Watch the moment England keep the Ashes alive
Then there is Brian Lara's 153 not out in Barbados in 1999 when the West Indies - humiliated 5-0 in the preceding series - needed 308 against an Aussie attack spearheaded by Glenn McGrath and Shane Warne. The home side had appeared cooked at 105-5; Lara dragged them close and then found the last 63 runs in the company of his numbers 10 and 11, Curtly Ambrose and Courtney Walsh.
Botham, Bradman and Lara. It should be fanciful or sacrilege but those are the parallels that make statistical sense. Stokes has made the jump.
Maybe England have to win the Ashes from here to ensure his 135 not out is remembered as catalyst rather than glorious resistance.
Botham went to Edgbaston after his century in Leeds and took five wickets for one run in 28 balls as Australia, chasing just 151, were blown from 105-4 to 121 all out. He made another century in the fifth Test at Old Trafford and took 10 wickets in the final Test at The Oval.

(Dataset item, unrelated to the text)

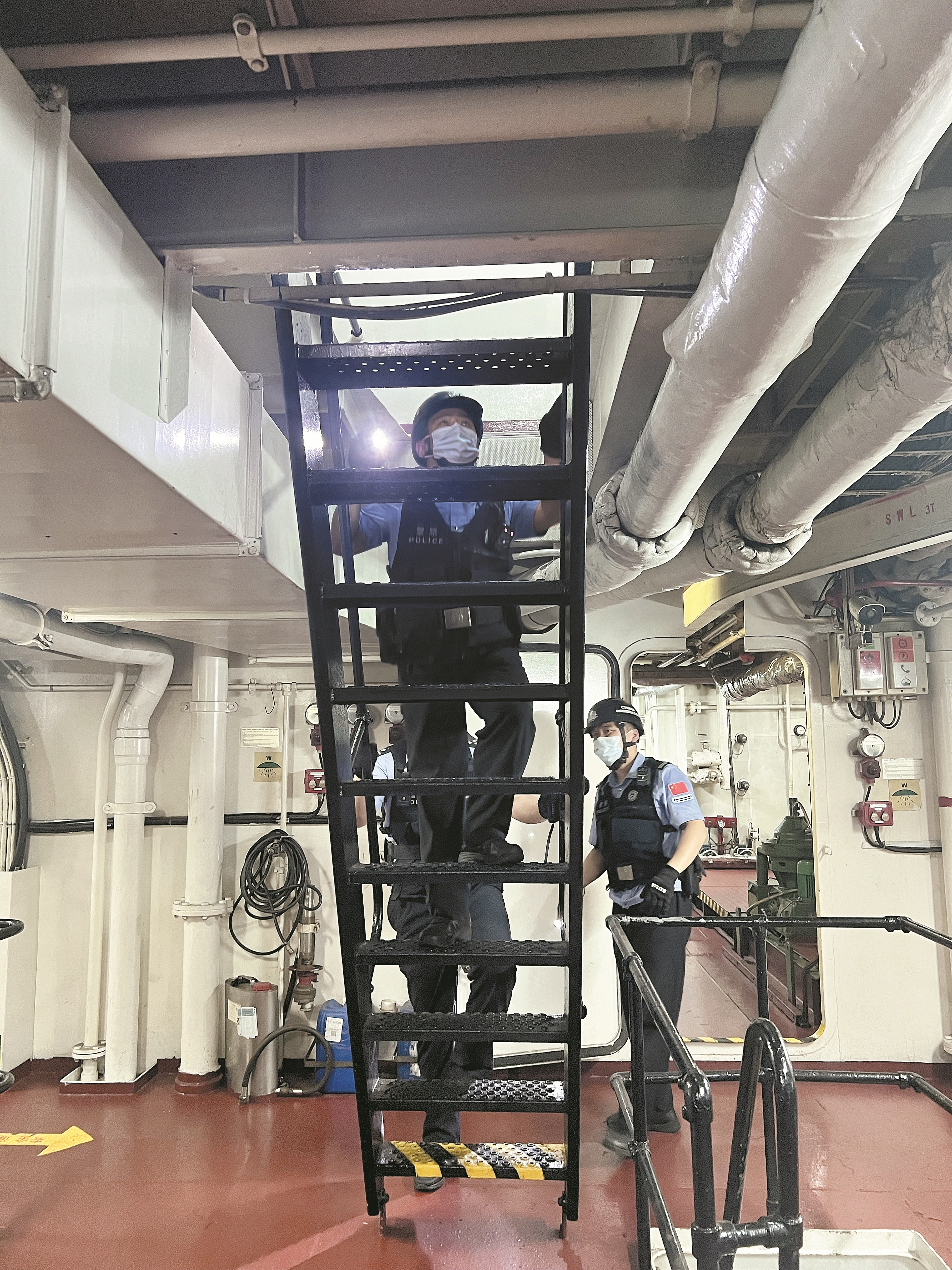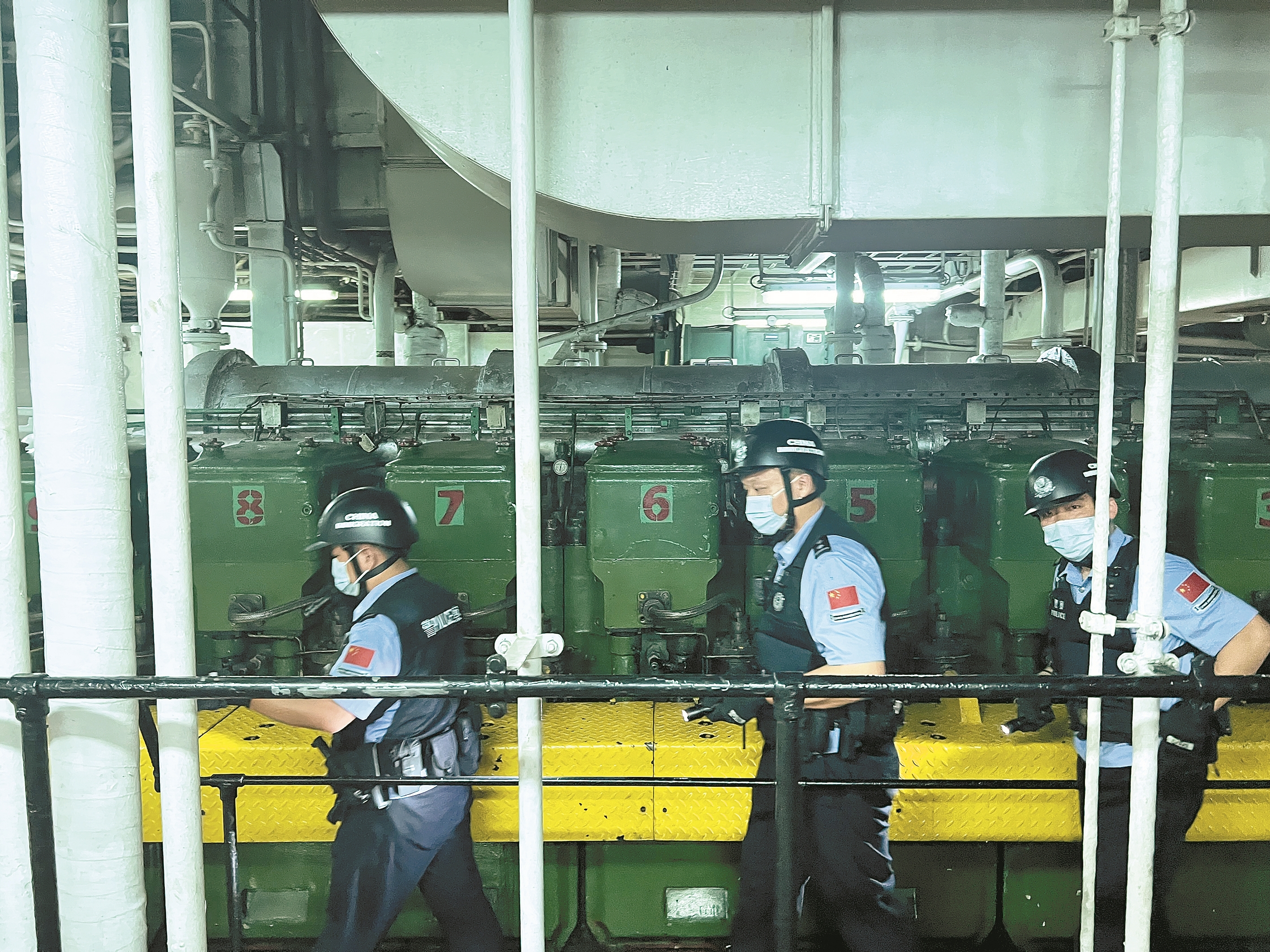 秦皇岛出入境边防检查站民警登轮检查。

Maybe Kevin Pietersen's 158 in south London in 2005 wouldn't mean the same had Ashley Giles perished early and Australia snatched a win from the jaws in the final session instead. Bradman's team were the Invincibles for a reason. Headingley was their finest hour but they garlanded the whole long summer.

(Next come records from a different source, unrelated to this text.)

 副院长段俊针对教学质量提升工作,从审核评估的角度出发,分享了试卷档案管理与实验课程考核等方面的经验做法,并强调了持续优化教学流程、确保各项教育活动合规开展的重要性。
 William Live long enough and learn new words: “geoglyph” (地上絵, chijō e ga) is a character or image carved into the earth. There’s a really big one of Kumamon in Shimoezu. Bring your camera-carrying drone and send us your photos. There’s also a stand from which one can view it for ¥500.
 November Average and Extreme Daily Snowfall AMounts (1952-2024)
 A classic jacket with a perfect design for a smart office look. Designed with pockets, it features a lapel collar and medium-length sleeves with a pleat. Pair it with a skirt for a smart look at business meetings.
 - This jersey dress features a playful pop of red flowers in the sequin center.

Maybe we should just be grateful for what we have. In a nation saturated by football, front pages as well as back have been about cricket. The grassroots game is withering but kids in the street are talking about someone most had never heard of a year ago.
Stokes cannot single-handedly save cricket in this country. The Test grounds are full but you step outside the bubble to indifference and ignorance. A continual failure to reach beyond private schools or truly exploit the British Asian love for the game leaves it a sport at the heart and within the reach of too few.
But that was as true before Sunday as it was afterwards. Stokes has rescued England and he is giving cricket another golden chance.